ほどなくしてヨガは、収益性の高いビジネスへと姿を変えた。ヨガに特化したブランドが次々と誕生し、その流れは本格的なファッショントレンドへと発展した。中でも代表的なブランドのひとつが、ビヨンド・ヨガ(BEYOND YOGA)。快適さとインクルーシビティを掲げているこのブランドは、2005年にジョディ・グーバー・ブルフスキーとミシェル・ウォーラーによって設立された。
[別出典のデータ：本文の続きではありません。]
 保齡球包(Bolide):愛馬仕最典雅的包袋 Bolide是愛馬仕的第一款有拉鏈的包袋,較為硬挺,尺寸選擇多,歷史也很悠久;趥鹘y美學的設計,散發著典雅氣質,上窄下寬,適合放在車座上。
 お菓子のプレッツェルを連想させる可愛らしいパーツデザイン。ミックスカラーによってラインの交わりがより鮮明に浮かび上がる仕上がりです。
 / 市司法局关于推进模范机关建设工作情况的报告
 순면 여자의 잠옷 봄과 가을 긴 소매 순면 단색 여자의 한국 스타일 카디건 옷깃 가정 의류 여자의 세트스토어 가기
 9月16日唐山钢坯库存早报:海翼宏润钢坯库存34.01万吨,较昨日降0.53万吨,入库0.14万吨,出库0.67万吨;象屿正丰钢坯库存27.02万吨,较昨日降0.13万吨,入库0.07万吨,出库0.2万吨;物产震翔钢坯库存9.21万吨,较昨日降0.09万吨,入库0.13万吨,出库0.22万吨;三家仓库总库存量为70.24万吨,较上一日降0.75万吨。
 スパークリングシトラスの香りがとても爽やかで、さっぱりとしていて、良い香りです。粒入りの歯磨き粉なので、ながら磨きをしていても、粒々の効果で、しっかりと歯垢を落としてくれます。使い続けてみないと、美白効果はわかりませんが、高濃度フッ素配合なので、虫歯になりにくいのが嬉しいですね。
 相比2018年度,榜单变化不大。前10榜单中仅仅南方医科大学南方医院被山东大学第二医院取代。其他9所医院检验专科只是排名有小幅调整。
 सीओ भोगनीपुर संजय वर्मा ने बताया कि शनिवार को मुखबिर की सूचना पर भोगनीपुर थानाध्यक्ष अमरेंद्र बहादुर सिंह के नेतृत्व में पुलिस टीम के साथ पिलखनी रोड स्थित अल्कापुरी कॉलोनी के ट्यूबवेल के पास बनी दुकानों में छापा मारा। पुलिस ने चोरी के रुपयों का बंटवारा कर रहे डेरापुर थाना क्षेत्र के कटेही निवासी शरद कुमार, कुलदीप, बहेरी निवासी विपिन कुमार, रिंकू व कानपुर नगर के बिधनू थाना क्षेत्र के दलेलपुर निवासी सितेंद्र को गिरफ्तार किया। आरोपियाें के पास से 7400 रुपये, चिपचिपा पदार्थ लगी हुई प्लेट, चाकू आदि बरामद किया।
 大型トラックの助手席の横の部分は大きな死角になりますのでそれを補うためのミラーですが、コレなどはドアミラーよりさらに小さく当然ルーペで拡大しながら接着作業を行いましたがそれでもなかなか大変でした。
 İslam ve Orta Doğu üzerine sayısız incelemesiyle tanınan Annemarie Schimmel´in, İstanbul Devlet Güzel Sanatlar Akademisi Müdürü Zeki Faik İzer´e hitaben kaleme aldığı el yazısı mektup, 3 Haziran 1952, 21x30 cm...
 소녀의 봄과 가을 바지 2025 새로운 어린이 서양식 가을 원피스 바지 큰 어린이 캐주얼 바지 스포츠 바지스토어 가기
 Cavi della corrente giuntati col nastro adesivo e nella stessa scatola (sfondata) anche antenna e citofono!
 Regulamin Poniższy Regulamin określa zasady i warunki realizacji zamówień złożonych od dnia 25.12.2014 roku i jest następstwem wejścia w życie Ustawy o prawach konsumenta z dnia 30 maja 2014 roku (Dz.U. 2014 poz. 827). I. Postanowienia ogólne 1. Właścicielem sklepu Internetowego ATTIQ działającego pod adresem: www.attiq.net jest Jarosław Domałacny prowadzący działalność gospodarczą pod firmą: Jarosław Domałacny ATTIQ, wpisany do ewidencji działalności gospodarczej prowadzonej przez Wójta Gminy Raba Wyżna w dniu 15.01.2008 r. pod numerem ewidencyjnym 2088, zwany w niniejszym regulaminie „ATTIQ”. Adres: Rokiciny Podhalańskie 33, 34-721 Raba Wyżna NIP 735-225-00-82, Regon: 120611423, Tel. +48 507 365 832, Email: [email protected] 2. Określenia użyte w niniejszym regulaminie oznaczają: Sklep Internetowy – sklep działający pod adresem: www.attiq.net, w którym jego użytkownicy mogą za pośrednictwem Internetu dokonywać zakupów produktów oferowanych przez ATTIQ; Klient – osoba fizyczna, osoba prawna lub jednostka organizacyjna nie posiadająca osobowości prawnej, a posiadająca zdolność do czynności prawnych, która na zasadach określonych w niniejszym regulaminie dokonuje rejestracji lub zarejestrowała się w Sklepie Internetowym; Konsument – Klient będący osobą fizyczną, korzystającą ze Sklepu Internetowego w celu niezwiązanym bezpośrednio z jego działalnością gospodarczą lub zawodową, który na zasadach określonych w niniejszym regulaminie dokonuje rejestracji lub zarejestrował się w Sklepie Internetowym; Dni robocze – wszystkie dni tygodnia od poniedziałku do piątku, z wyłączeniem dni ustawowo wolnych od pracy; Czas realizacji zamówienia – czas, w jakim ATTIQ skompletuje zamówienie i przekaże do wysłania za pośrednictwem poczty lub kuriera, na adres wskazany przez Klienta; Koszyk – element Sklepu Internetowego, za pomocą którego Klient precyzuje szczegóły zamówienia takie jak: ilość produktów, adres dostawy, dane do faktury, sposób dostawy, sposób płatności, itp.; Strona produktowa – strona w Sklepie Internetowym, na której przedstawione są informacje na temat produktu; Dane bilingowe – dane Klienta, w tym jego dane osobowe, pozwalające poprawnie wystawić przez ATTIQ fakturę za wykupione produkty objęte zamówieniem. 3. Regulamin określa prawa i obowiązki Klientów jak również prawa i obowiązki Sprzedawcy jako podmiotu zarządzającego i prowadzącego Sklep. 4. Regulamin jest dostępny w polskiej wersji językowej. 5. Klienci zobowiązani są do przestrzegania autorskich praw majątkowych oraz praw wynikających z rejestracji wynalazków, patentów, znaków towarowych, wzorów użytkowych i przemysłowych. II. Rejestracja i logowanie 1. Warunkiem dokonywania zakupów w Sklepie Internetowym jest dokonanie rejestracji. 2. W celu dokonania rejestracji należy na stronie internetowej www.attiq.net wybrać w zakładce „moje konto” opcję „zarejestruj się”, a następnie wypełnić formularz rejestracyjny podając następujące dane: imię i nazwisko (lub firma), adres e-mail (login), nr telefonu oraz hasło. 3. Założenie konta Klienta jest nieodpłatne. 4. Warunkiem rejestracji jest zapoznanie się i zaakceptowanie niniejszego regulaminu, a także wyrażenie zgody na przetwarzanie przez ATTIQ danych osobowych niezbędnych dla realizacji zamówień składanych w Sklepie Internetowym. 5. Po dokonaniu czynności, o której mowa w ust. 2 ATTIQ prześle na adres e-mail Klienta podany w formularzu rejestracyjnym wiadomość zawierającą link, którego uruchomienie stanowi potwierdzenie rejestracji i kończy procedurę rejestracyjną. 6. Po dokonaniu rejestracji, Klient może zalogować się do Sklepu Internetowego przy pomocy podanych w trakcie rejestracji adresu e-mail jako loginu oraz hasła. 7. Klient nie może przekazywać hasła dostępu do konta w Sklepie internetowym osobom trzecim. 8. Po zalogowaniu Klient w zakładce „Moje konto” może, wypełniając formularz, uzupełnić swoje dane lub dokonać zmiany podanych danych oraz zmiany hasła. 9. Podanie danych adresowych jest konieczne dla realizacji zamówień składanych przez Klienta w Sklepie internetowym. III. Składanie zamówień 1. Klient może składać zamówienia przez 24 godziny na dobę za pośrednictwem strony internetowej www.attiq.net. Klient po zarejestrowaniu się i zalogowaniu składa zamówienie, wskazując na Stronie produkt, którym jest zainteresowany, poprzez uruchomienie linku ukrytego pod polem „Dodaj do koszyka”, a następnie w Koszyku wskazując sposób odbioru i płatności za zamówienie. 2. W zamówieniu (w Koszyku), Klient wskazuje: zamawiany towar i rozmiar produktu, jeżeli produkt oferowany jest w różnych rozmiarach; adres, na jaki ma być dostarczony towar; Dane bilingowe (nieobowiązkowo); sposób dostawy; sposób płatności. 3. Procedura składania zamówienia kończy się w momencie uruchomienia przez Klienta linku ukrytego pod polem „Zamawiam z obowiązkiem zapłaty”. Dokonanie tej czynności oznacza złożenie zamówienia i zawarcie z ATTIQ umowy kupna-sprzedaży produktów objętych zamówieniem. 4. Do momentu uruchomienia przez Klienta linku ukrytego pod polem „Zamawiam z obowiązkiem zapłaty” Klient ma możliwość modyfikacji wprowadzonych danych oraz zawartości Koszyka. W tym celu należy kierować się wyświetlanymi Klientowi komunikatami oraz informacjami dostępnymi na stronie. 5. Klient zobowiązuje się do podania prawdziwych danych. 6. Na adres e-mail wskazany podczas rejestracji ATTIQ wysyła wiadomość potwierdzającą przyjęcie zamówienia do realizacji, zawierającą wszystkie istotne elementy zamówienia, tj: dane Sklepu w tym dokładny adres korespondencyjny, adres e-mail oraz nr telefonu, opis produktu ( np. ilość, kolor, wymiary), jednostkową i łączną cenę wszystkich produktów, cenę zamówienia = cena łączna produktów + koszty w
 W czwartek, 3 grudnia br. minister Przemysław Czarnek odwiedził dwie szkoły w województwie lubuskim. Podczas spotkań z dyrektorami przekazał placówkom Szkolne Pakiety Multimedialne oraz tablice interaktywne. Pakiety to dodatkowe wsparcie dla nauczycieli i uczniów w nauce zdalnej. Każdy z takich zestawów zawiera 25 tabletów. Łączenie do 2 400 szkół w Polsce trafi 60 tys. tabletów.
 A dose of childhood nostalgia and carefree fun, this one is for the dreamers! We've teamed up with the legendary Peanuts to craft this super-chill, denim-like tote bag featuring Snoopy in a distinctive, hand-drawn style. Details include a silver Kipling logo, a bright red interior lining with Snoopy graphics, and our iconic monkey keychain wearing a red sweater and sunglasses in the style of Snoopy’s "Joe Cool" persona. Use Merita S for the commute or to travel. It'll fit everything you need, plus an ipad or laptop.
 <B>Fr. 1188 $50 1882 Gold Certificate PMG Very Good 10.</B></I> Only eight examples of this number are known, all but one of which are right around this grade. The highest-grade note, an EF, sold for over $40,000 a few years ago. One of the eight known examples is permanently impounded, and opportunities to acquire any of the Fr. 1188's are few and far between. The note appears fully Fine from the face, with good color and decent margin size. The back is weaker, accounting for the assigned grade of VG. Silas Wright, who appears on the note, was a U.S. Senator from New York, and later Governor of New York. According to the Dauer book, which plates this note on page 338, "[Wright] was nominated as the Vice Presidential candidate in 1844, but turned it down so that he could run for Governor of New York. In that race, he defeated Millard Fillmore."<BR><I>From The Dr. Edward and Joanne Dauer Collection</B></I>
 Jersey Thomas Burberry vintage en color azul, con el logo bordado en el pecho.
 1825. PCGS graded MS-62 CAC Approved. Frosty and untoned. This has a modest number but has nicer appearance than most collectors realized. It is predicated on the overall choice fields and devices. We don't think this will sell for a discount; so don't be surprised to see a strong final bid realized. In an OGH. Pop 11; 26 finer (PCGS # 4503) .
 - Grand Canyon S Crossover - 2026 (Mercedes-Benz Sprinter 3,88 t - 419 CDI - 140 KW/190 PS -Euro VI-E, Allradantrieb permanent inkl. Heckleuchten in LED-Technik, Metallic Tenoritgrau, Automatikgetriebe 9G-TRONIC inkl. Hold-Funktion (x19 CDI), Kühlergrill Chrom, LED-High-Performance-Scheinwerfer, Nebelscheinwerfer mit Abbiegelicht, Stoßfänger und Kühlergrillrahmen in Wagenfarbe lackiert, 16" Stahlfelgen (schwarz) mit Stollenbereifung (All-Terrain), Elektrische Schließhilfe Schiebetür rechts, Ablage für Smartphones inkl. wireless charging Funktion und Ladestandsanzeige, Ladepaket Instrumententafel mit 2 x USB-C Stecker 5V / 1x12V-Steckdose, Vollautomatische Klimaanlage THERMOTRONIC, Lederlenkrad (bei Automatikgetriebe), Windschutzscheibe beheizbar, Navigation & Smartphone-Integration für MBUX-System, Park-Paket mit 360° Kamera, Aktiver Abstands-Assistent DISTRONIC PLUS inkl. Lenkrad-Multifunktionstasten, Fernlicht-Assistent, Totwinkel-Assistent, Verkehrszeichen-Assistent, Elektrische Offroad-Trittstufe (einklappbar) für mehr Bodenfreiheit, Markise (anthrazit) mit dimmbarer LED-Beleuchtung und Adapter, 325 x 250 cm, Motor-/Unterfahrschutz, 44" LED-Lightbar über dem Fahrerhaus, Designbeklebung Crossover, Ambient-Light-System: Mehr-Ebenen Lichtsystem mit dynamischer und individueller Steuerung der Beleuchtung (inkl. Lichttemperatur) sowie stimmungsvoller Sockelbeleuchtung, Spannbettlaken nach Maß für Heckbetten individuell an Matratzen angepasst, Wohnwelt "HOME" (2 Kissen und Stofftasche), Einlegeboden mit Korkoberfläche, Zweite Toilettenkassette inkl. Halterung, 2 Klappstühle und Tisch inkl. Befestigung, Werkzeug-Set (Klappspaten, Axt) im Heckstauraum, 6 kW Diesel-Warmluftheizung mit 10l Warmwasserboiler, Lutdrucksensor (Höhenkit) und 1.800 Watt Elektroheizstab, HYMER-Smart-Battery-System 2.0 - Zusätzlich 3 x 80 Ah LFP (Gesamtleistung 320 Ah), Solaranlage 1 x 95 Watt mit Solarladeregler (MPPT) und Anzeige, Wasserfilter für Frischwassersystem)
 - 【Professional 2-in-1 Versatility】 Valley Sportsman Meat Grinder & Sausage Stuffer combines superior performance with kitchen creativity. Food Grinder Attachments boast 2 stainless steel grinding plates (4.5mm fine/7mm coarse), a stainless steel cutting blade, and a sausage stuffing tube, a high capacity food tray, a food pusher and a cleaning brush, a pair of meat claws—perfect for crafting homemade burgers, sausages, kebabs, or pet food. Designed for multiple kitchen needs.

また1998年創業のルルレモン(LULULEMON)は、当初ヨガパンツをきっかけに頭角を現し、その後スポーツウェアブランドとして一大勢力を築いた。そして2007年にロサンゼルスでダニー・ハリスとマルコ・デジョージによって設立されたALO YOGAは、世界中のインフルエンサーやセレブリティに支持されるプレミアムブランドとしての地位を確立している。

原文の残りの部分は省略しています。